Timing of proto-oncogene replication: a possible determinant of early S phase sensitivity of C3H 10T1/2 cells to transformation by chemical carcinogens.

作者信息

Doggett N A, Cordeiro-Stone M, Chae C B, Kaufman D G

机构信息

Department of Pathology, Lineberger Cancer Research Center, Chapel Hill, North Carolina 27599.

出版信息

Mol Carcinog. 1988;1(1):41-9. doi: 10.1002/mc.2940010110.

Abstract

The temporal order of replication of several genes was studied in 10T1/2 cells synchronized by release from confluence-induced arrest of proliferation followed by treatment with 2 micrograms/mL aphidicolin for 24 h. DNA subjected to bromodeoxyuridine substitution for 1- or 2-h intervals spanning the S phase was separated from the remaining DNA in cesium chloride gradients, filtered onto nitrocellulose in a slot-blot apparatus, and hybridized with various 32P-labeled probes. Ha-ras was among the first genes replicated at the onset of the S phase. The myc proto-oncogene replicated later but within the first hour of the S phase. The replication of Ki-ras, raf, and mos was detected between hour 1 and 2 of the S phase. The dihydrofolate reductase gene replicated early (0-2 h) and the myb proto-oncogene replicated in mid-S phase (2-4 h). An immunoglobulin VH sequence and the beta-globin gene replicated late in 10T1/2 cells, 4-6 h after removal of aphidicolin.
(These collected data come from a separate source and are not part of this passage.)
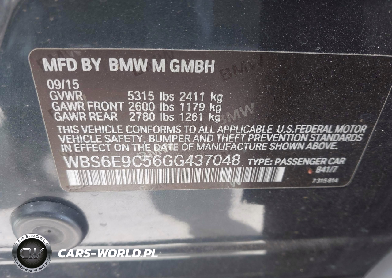 IAAI Nr: I-44621149 VIN: WBS6E9C56GG437048 Port: Houston, TX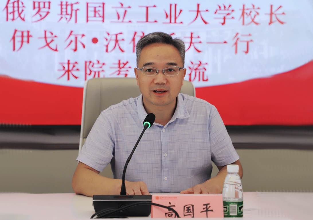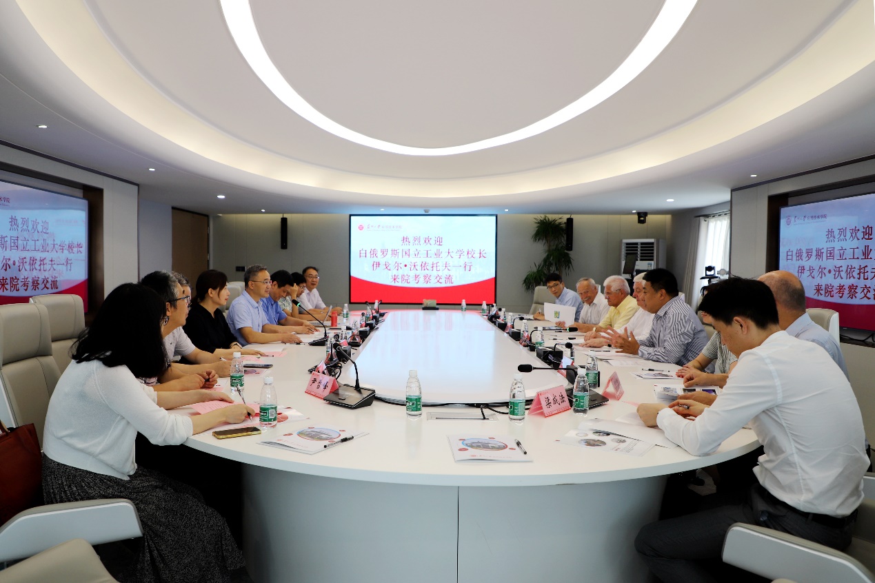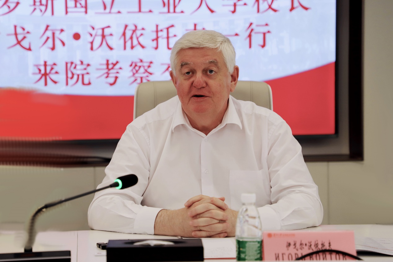 高国平首先对伊戈尔·沃伊托夫一行的到访表示热烈欢迎。他简要介绍了我院的办学历史、办学特色、办学成效。他指出,白俄罗斯是中国“一带一路”倡议的重要共建伙伴,中白两国交往密切,为两校建立合作关系奠定了良好的基础。同时,白俄罗斯国立工业大学与我院的专业布局有诸多相近之处,为我院学生留学深造提供了众多选择机会和便利条件。他希望双方以此为契机,实现资源共享,优势互补,形成独特鲜明的专业特色,谱写新时代中白高等教育交流与合作新篇章。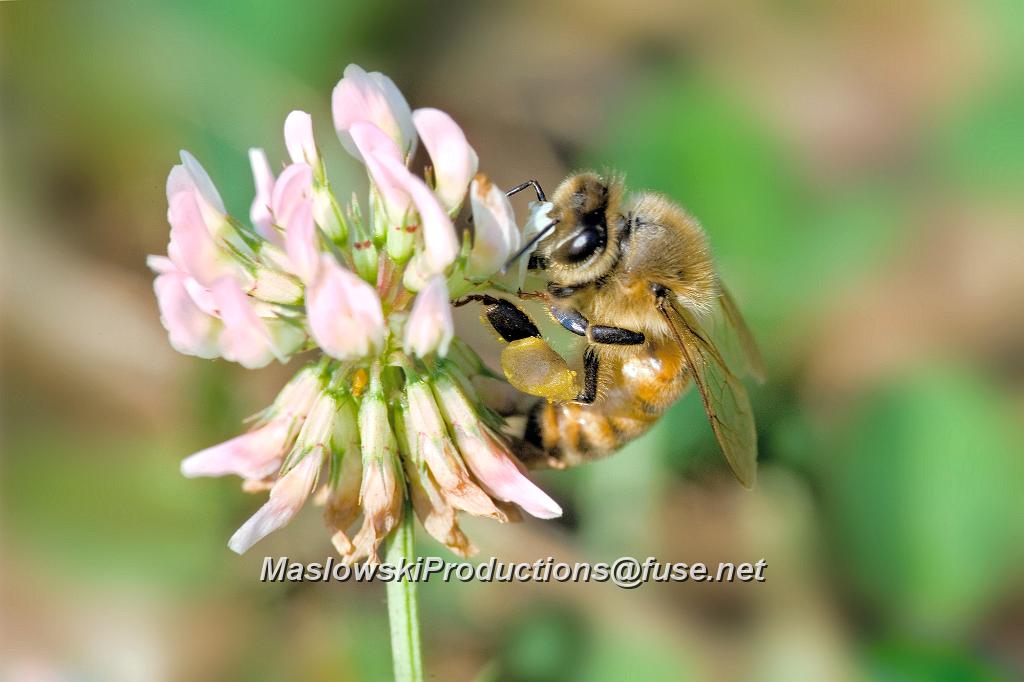 Bee, honey - on clover with full pollen sacs KQ7S2771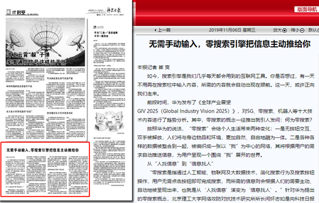 同时,闫怀志强调“零搜索并非是平地起高楼”,从输入关键字完成搜索,到精准定向的智能推荐,搜索技术经历了一个较长的发展过程。“当前,人工智能、大数据、物联网等领域的发展,在搜索需求感知、搜索算法、搜索算力等方面,都为零搜索的实现提供了很好的技术支撑。”他说。

Replicating DNA is preferentially adducted by chemical carcinogens, and replication of damaged proto-oncogenes before they are repaired may activate their transforming potential. Therefore, the observed replication of proto-oncogenes during the early S phase may underlie the enhanced sensitivity of 10T1/2 cells to chemically induced transformation at this point in the cell cycle.

摘要

在通过解除汇合诱导的增殖停滞同步化,然后用2微克/毫升阿非迪霉素处理24小时的10T1/2细胞中,研究了几个基因的复制时间顺序。在跨越S期的1或2小时间隔内用溴脱氧尿苷替代的DNA,在氯化铯梯度中与其余DNA分离,在狭缝印迹装置中过滤到硝酸纤维素上,并与各种32P标记的探针杂交。Ha-ras是在S期开始时最早复制的基因之一。myc原癌基因稍后复制,但在S期的第一小时内。Ki-ras、raf和mos的复制在S期的第1小时到第2小时之间检测到。二氢叶酸还原酶基因早期(0 - 2小时)复制,myb原癌基因在S期中期(2 - 4小时)复制。免疫球蛋白VH序列和β-珠蛋白基因在10T1/2细胞中晚期复制,即在去除阿非迪霉素后4 - 6小时。复制中的DNA优先被化学致癌物加合,受损原癌基因在修复之前的复制可能会激活它们的转化潜能。因此,在S期早期观察到的原癌基因复制可能是10T1/2细胞在细胞周期的这个阶段对化学诱导转化敏感性增强的基础。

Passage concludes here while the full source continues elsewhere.